### DATA EXCERPTS
[Start of Attachment]
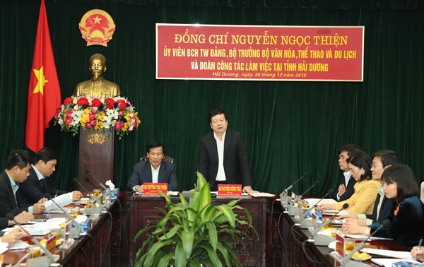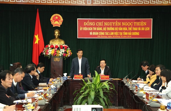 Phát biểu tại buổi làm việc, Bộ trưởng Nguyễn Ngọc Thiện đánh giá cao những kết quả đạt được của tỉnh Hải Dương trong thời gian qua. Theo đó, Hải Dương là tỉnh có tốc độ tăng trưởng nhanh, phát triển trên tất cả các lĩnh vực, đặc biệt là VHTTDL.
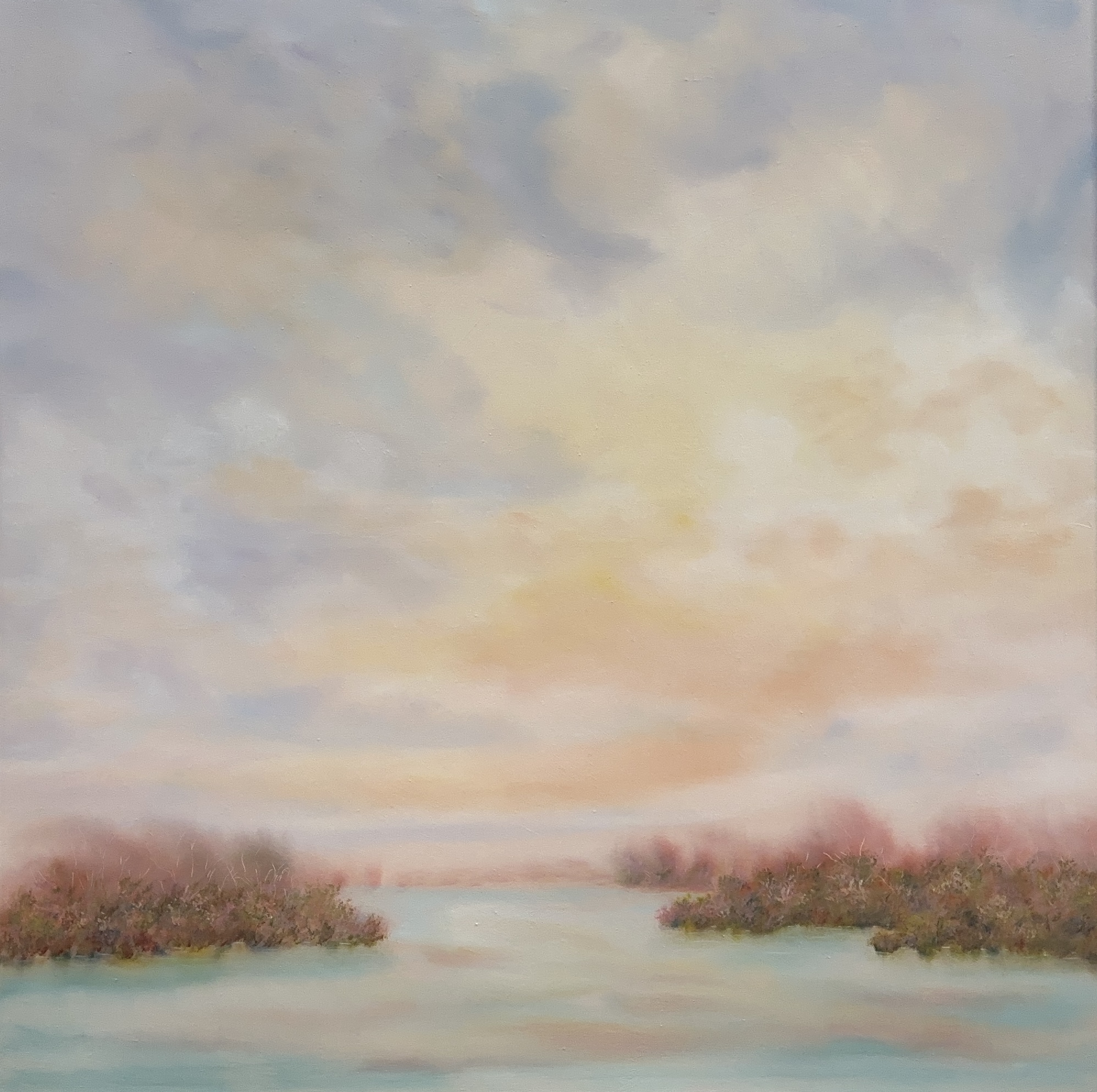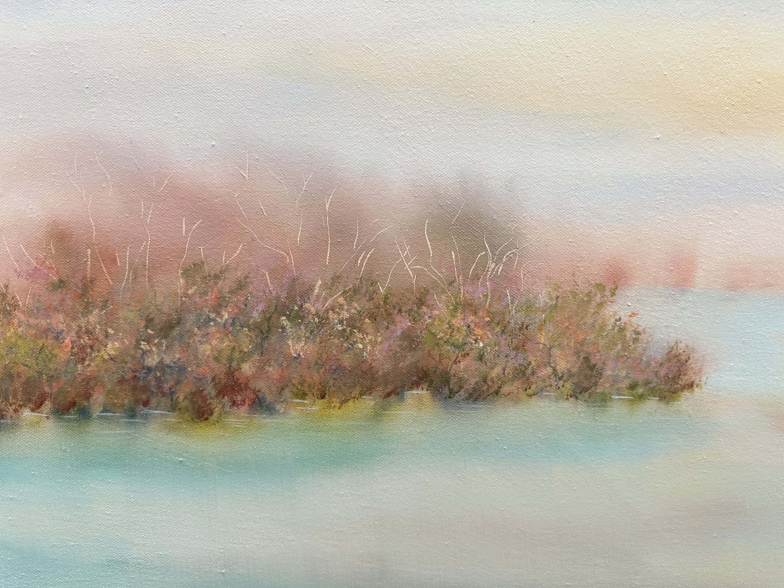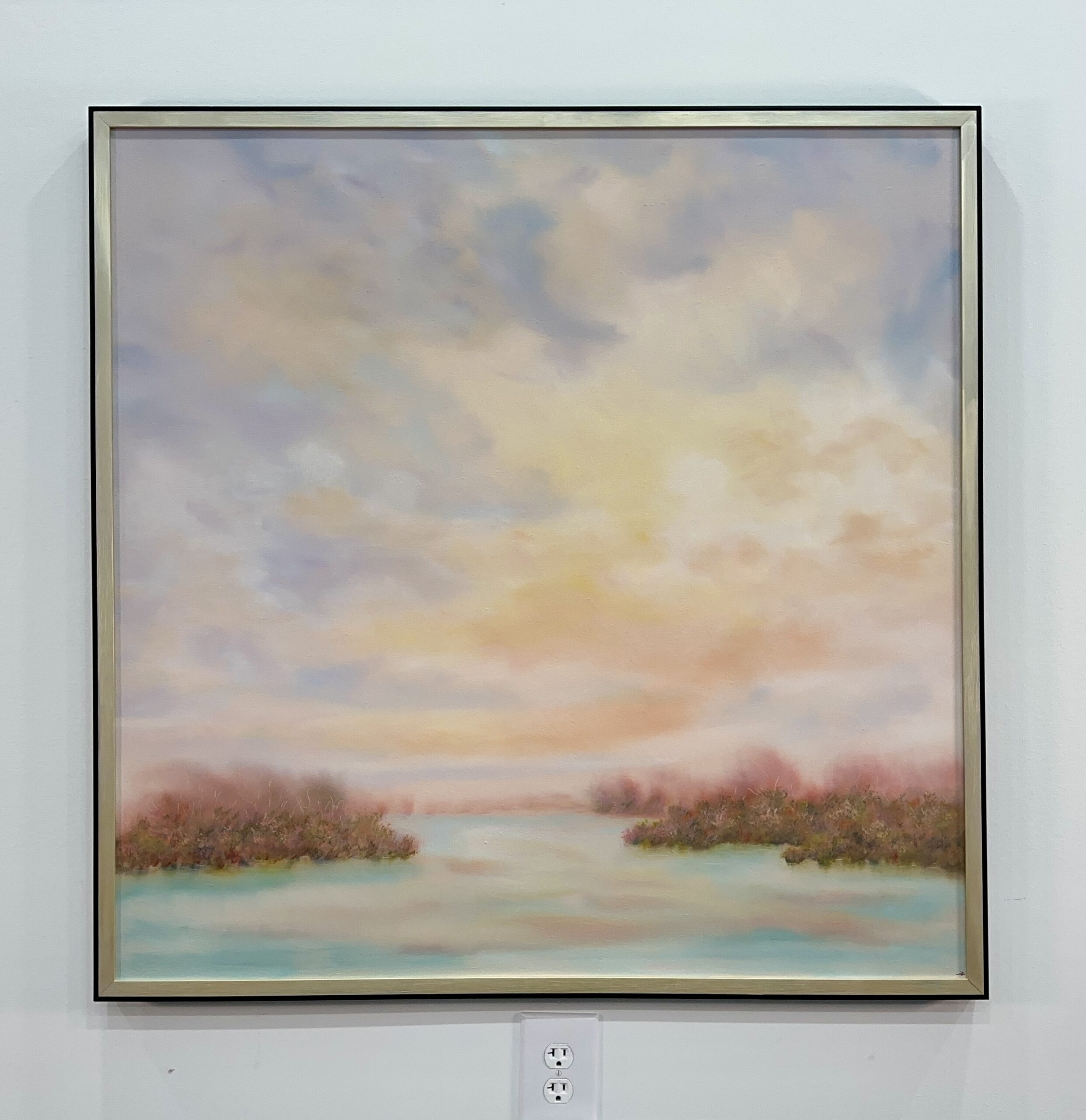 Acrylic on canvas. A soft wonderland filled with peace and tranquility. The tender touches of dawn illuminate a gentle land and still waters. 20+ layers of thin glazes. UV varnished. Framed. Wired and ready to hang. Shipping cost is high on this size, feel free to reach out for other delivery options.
[End of Attachment]
[Start of Attachment]
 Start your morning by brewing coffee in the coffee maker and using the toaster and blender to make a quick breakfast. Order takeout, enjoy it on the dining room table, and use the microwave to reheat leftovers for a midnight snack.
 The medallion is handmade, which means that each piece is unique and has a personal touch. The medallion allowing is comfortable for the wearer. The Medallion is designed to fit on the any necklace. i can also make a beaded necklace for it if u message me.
[End of Attachment]
[Start of Attachment]
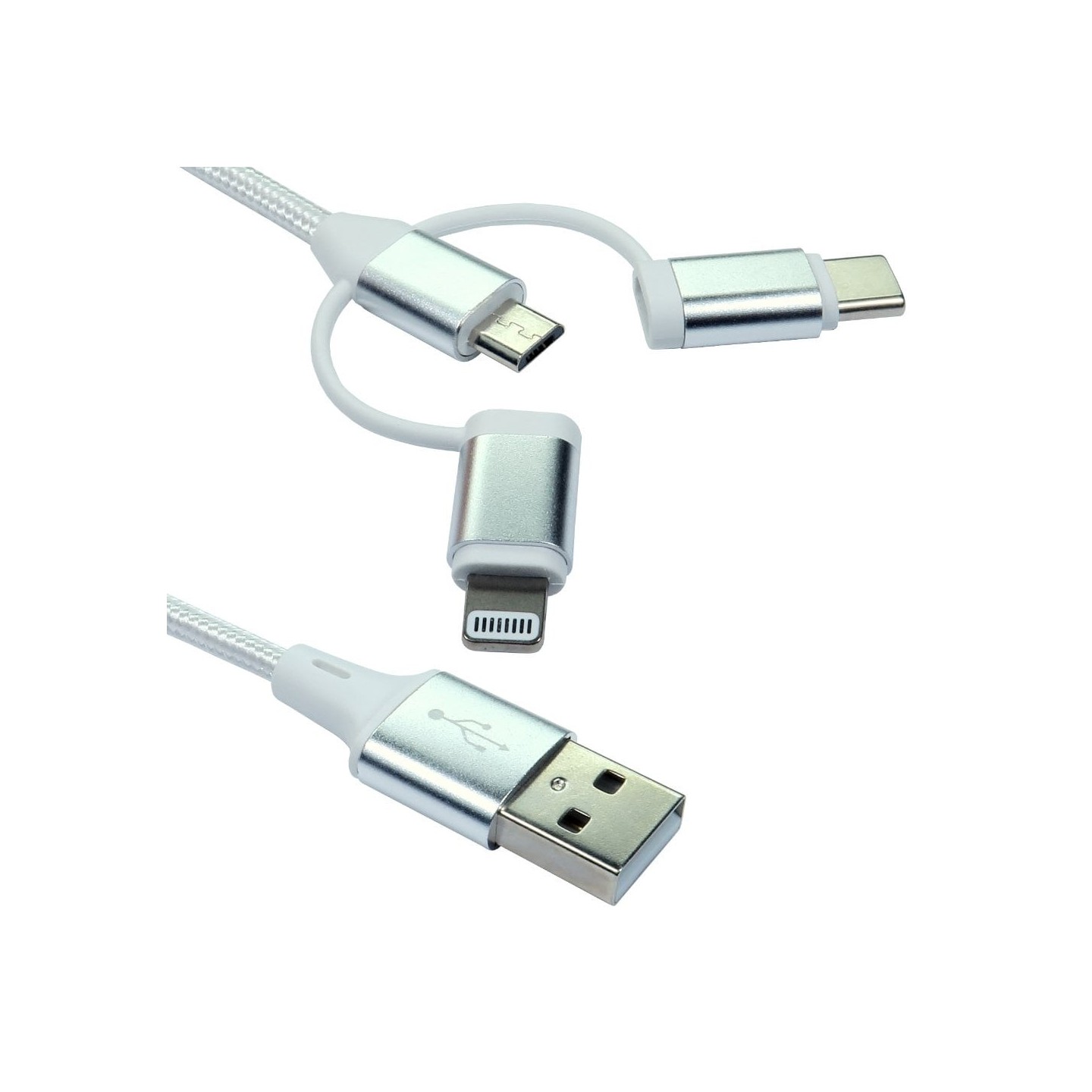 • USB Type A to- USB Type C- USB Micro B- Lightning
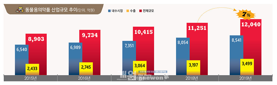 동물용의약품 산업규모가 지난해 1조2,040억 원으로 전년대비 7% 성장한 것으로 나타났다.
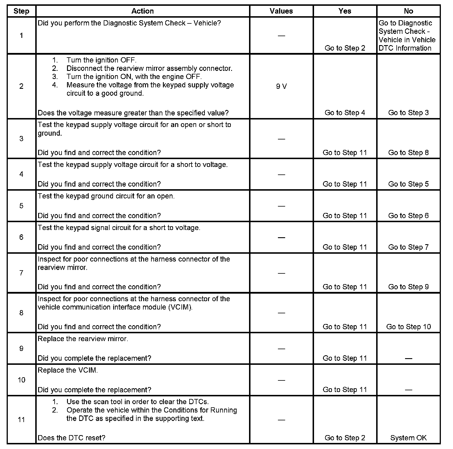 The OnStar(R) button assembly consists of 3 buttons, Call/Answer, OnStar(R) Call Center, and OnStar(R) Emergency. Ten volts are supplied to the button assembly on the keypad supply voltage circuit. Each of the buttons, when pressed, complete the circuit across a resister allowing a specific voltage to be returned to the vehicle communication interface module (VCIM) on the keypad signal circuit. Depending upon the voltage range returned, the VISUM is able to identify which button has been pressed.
[End of Attachment]
### TASK DETAILS
Working from the listing above, pick out every line that has "make" and copy it.

### RESULT OF THE TASK
 Start your morning by brewing coffee in the coffee maker and using the toaster and blender to make a quick breakfast. Order takeout, enjoy it on the dining room table, and use the microwave to reheat leftovers for a midnight snack.
 The medallion is handmade, which means that each piece is unique and has a personal touch. The medallion allowing is comfortable for the wearer. The Medallion is designed to fit on the any necklace. i can also make a beaded necklace for it if u message me.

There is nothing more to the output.